My PhD work is trying to address this by developing better ways for scientists t...

petra · on Feb 23, 2017

Wouldn't it be hard to achieve deep consistency between experiments, in so many labs around the world, with so different conditions/cultures/etc , and when the experimenters aren't experts in consistency , but in their science ?

Wouldn't it be better to use something like a cloud biology model - where you define experiments via code, CRO's compete on consistency(and efficiency and automation) and since they probably do a much larger volume of experiments than the regular lab, they would have stronger incentives to develop better processes and technologies ?

escot · on Feb 24, 2017

I work at a cloud bio lab.
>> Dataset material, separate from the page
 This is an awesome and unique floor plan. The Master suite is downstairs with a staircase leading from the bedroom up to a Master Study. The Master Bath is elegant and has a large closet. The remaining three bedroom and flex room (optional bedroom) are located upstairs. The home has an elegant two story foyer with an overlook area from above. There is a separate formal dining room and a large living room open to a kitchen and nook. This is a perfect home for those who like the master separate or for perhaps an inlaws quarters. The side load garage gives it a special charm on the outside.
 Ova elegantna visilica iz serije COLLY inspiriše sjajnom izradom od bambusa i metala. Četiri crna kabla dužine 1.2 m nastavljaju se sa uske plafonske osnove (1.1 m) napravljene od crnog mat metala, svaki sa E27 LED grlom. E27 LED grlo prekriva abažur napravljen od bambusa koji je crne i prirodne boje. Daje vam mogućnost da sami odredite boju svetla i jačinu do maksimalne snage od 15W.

We run all of our experiments on automation, and all protocols must be defined in code. The latter is both the power and the difficulty -- when your protocol is defined in code it is explicit. However, writing code is both new and sometimes difficult for the scientists that we currently work with (molecular biology, drug discovery). I believe what we are doing is the right model. But it comes with this overhead of transitioning assays to code, so there is that against it. This is mostly just a matter of time though. Another nice thing about code is that you can't tweak it once it's running. You can define your execution and analysis up front to guard against playing with results down the road. Now that being said, there still needs to be a significant change to how research is funded and viewed by the public because pure tech solutions can't solve everything. Our tech can't decide what you pick yo research. It can't dish out grants to the truly important research. So it will take many angles to really solve any portion of this problem.

petra · on Feb 24, 2017

I do agree, it seems like right model, and will have a large impact.
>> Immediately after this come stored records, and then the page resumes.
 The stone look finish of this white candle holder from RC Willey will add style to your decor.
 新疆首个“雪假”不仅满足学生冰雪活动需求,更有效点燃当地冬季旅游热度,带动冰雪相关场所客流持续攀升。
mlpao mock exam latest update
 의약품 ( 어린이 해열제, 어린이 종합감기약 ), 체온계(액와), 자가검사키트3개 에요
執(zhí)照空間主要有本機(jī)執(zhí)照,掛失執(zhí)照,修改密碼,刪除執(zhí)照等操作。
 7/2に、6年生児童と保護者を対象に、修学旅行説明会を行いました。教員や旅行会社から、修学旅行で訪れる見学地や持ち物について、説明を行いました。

Between automating labor, economies of scale in purchasing, and access to more efficient technology(like acoustic liquid handling) ,etc - isn't it just a matter of time before cloud biology becomes quite cost effective and combined with other benefits - it would be the only way that makes sense to do research, so funding will naturally go there?

Also - do you see a way to add the extreme versatility of the biology lab into a cloud service ?

escot · on Feb 24, 2017

> it would be the only way that makes sense to do research There will certainly be more than just one way, although I hope cloud labs are the front runner. Also cloud and automated are two separate concepts. We do both, but there's no reason that you can't just do one or the other. The automation is critical for reproducibility for many reasons. But I think the cloud aspect is mostly helpful from a business perspective -- it makes it easier on everyone to get up and running on our system. But there are many in lab automation solutions that are helping fight the reproducibility crisis. And on the flip side, there are cloud labs that aren't automated.
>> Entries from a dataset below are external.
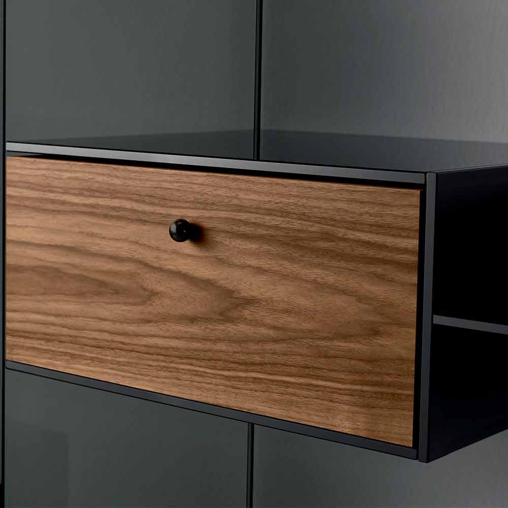 Përfshihet një sirtar në dru arre kanaleti me një çelës të përfundimit të gunës, i cili mund të pozicionohet sipas dëshirës në dy ndarjet e referencës. Ngarkesa e lejuar për secilën raft është 15 kg.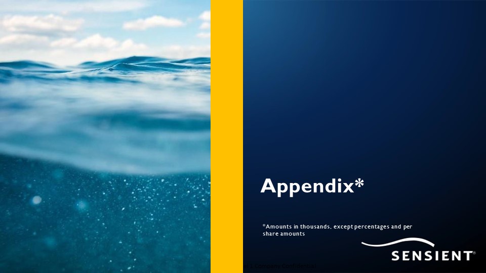 Sensient Tech  nologies: Lev  el 1 Company Confidential  Appendix*  *Amounts in thousands, except percentages and per share amounts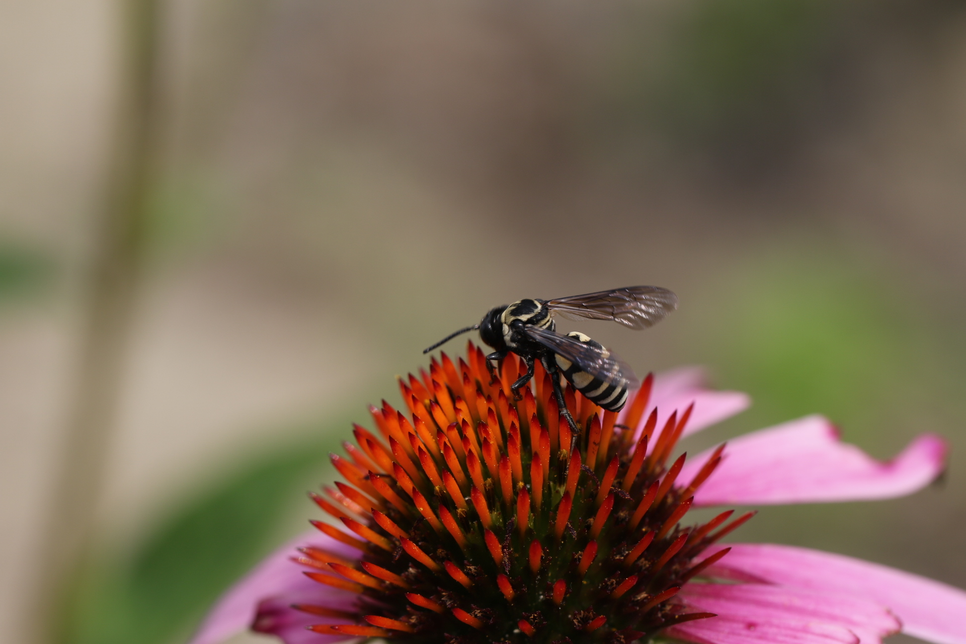 This wasp inhabits old fields near deciduous woodlands, and can commonly be found on wild flowers that have “large clusters of blooms, such as Queen Anne’s Lace” (BugGuide.net). As adults, they primarily eat nectar, but may also prey on small insects that they catch in the air. Gold-marked Thread-waisted Wasps seem to be most commonly found between July and August, so keep an eye out for these fascinating insects this August!

> do you see a way to add the extreme versatility of the biology lab into a cloud service We let you run any assay that can be executed on the set of the devices that we have in our automated lab. So in that sense, yes its very flexible. Also, there's no need to run your entire workflow in the cloud. You can do some at home, some in the cloud. Some people even string together multiple cloud services into a workflow. See https://www.youtube.com/watch?v=bIQ-fi3KoDg&t=1682s

That being said, biology labs can be crazy places. Part of what we do is put constraints on what can be encoded in each protocol to reduce the number of hidden variables. Every parameter that counts must be encoded in the protocol, because once you hit "go" on the protocol, it could run possibly on any number of different devices each time it runs. The only constant is that the exact instructions specified in the protocol will be run on the correct device set.

hyperion2010 · on Feb 23, 2017

1. Yes, but the idea would be that if you provide a way to communicate the variables that actually matter for consistency then you can increase the robustness of a finding. If you have one lab that can _always_ produce a result, but no one else can, then clearly we do not really understand what is going on and one might not even be willing to call the result scientific.

2. Maybe not better, but certainly more result oriented. Core facilities do exist right now for things like viral vectors and microscopy (often because you do need levels of technical expertise that are simply not affordable in single labs). If there were a way to communicate how to do experiments more formally then the core facilities could expand to cover a much wider array of experiment types. You still have to worry about robustness, but if you have multiple 'core' facilities that can execute any experiment then that issue goes away as well. The hope of course is that individual labs as they exist today (perhaps with an additional computational tint) would be able to actually replicate each other's result, because we will probably end up needing nearly as many 'core' facilities as we have labs right now, simply because the diversity of phenomena that we need to study in biology is so high.

wuschel · on Feb 23, 2017

There are already approaches in this direction e.g. such as providing a standardized experimental hardware-software interface with Antha [1]. The complexity of the problems in questions (biological domain, biophysical, biochemical) is daunting - we do not understand many things, "there is plenty of room at the bottom".

[1] https://www.antha-lang.org/

hackuser · on Feb 24, 2017

How about recording videos of the lab? People trying to reproduce the experiment can just sift through the video. That may be tedious but it's far better than nothing.

Just a little metadata would help: Experiment A, Phase N, Day X

hyperion2010 · on Feb 24, 2017

Video and photographic evidence can play a big role and when we have the extra bandwidth to process such a dataset. Right now we barely have time to do the experiments, much less 'watch tape' to see how we did (maybe if scientists were paid like professional sports players...). In an ideal world we would be collecting a much data as we possibly could about the whole state of the universe surrounding the 'controlled' experiment. That said video and photographs are very bad a communicating important parameters in an efficient way. Think about how hard it is to get information out of a youtube video if you need something like a part number. Photos do better, but if you need to copy and paste out of a photo we will need a bit more heavy lifting to translate that into some actionable format (eg ASCII).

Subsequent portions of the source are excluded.